The (lack of) effectiveness of the current SB-reducing intervention presents a stark contrast to the effectiveness of previous SB-inducing studies. Compared to the effectiveness of previous SB-inducing studies like Endrighi and colleagues (i.e., 31.48 min/day increase in sitting time, 95% CI: [–57.64, -5.32]; 2016), or Duvivier and colleagues (e.g.,+5.9 hours/day increase in sitting time, 95% CI: [5.75, 6.05]; 2017), the present work observed a modest 6.21 min/day (95% CI: [–23.19, 35.61]) decrease in sitting time for the treatment group over a 1-week intervention. Despite the contrast in effectiveness between the present work and prior SB-inducing work, comparisons between the two are misleading and inappropriate. Firstly, the present study used inclinometry to measure SB, compared to the use of accelerometers in the previously mentioned work to measure ‘sedentary time’ (i.e., physical inactivity), which cannot distinguish between sitting and standing nor sensitive enough to capture postural changes (Koster et al., 2016). Secondly, inducing SB likely warrants a different approach to intervention than reducing SB given the habitual nature of SB, as behavior modification through rewarding/reinforcing the habit behavior are less likely to encounter traditional barriers to behavior change (e.g., motivation, self-efficacy; Rothman et al., 2011). As the current work recruited already sedentary individuals – a sample with a strengthened SB habit (i.e., ≥7 hours/day) – it is likely that the reflective, motivational constructs involved in behavioural initiation process of being less sedentary (e.g., self-efficacy, outcome expectancies, intention) were not strong enough to counter the developed, automatic habit of SB. Finally, as the present study was advertised as simply a “behaviour change study”, it is unlikely that the participants recruited necessarily had a pre-existing intention to change their SB. Intention is hypothesized to be the strongest predictor of behaviour during the motivational phase of the HAPA (Schwarzer, 2008); hence the effectiveness of an intervention targeting action and coping planning (i.e., post-intentional constructs) may have been limited.
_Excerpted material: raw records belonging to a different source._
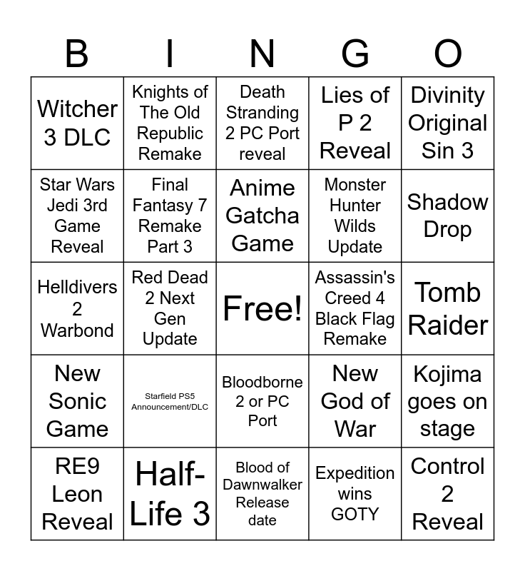 This bingo card has a free space and 24 words: Starfield PS5 Announcement/DLC, Half-Life 3, Anime Gatcha Game, RE9 Leon Reveal, Divinity Original Sin 3, Witcher 3 DLC, Star Wars Jedi 3rd Game Reveal, Knights of The Old Republic Remake, Assassin's Creed 4 Black Flag Remake, Bloodborne 2 or PC Port, Monster Hunter Wilds Update, Helldivers 2 Warbond, New God of War, Kojima goes on stage, Final Fantasy 7 Remake Part 3, Expedition wins GOTY, Tomb Raider, Death Stranding 2 PC Port reveal, Shadow Drop, Red Dead 2 Next Gen Update, Control 2 Reveal, New Sonic Game, Lies of P 2 Reveal and Blood of Dawnwalker Release date.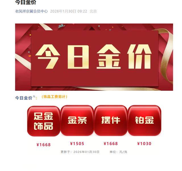 受此影响,国内品牌金饰价格也有所回落。中新经纬30日查询发现,周生生足金饰品报1662元/克,较前一日1708元/克大跌46元;老凤祥足金饰品报1668元/克,较前一日1713元/克跌45元;老庙黄金足金饰品报1690元/克,较前一日1706元/克跌16元。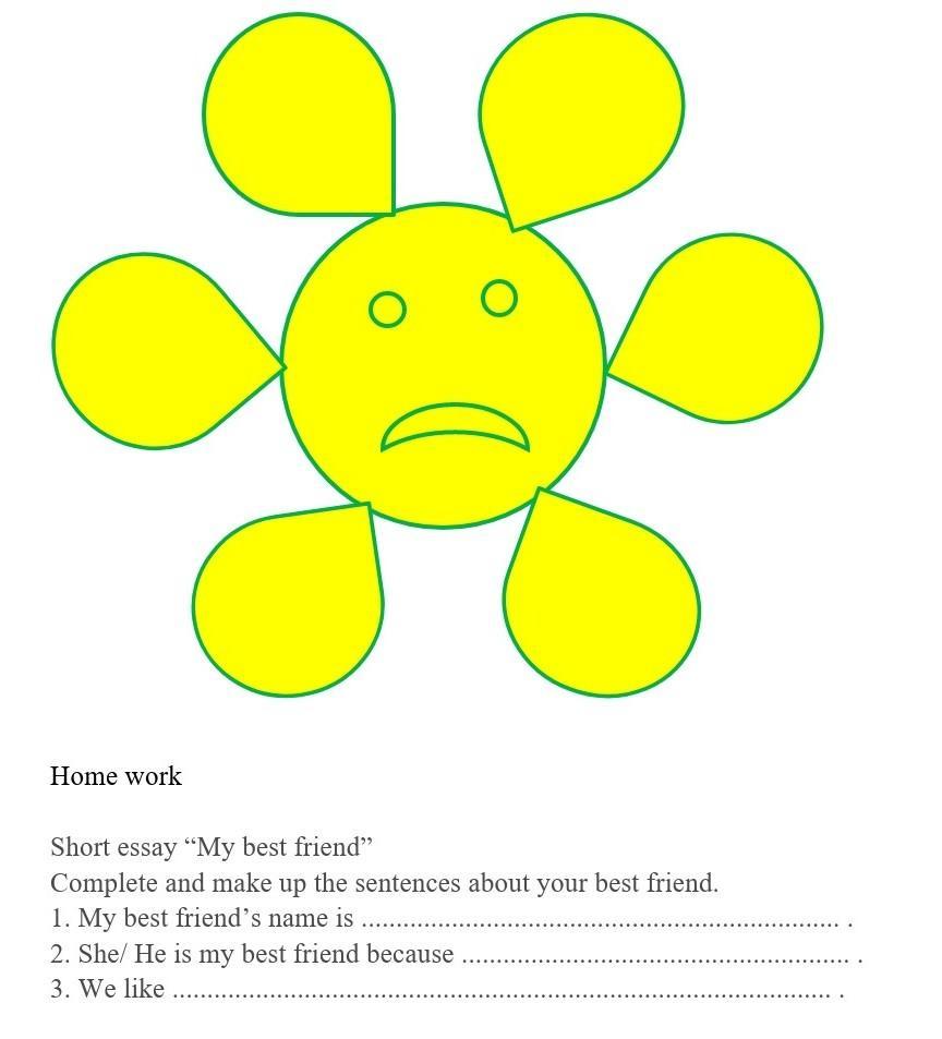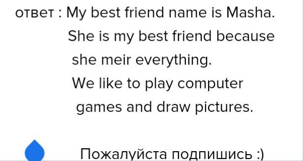 Перевод Домашние задание НАПИШИ О СВОЁМ ДРУГЕ 1)ИМЯ МОЕГО ЛУЧШЕГО ДРУГА....... 2)ОНА/ОН ЛУЧШАЯ /ЛУЧШИЙ ДРУГ ПОТОМУ ЧТО...... 3)МЫ ЛЮБИМ.......

There are several modifications that may improve the effectiveness of the present intervention to reduce device-measured and self-reported SB. Inclusion of components of previously successful SB interventions, such as prompts and cues, can address the lack of cognitive awareness associated with habitual behaviors, like SBs. Specific to the current intervention, the behavioural counseling was likely too brief for the action and coping plan to remain salient to participants, despite attempting to trigger an environmental cue via hanging the action plan in a high-trafficked location. The use of a brief daily prompt (e.g., via SMS) may have triggered the reflective processes needed to reduce SB. Similarly, tailoring said prompts to the participant’s action plan act as an additional cue to facilitate the intended behavior change. Previous work utilizing SMS-delivered prompts and cues has shown success in reducing SB among university students (Cotten & Prapavessis, 2016) and office workers (Rollo & Prapavessis, 2020).
The acute nature of the intervention may also have been a limitation, in contrast to SB-inducing studies that have demonstrated that 4 days (Duvivier et al., 2017) to 2 weeks (Endrighi et al., 2016) is sufficient time to significantly increase SB. As previously stated, the behavioural processes and motivations involved in performing an automatic behaviour, like SB, likely differ from those reflective and cognitive processes associated with reducing SB (i.e., alternative behaviour). Previous work utilizing this intervention in a university student population did not observe differences in SB outcomes between groups until after the third week of intervention, following the follow-up behavioral session (Sui & Prapavessis, 2018). Thus, longer intervention periods may be necessary to observe changes in habitual changes in SB. In addition, follow-up behavioral sessions (e.g., the week proceeding the first behavioral session) can promote the use of feedback, review of previous behavior, intention formation as behavioral strategies. Together, increased contact and follow-up may improve the effectiveness of the current intervention through facilitating behavioural initiation (Rothman et al., 2011). Finally, measures used to assess SB may not be sensitive enough to capture changes in SWB. Previous work suggests that daily changes in SB impact SB outcomes (Maher et al., 2014; Maher & Conroy, 2017). Hence, adapting present instruments into previous-day recall questionnaires can provide a more accurate depiction of SB (Matthew et al., 2013) and help to capture relationships between daily changes in SB and outcomes of SWB.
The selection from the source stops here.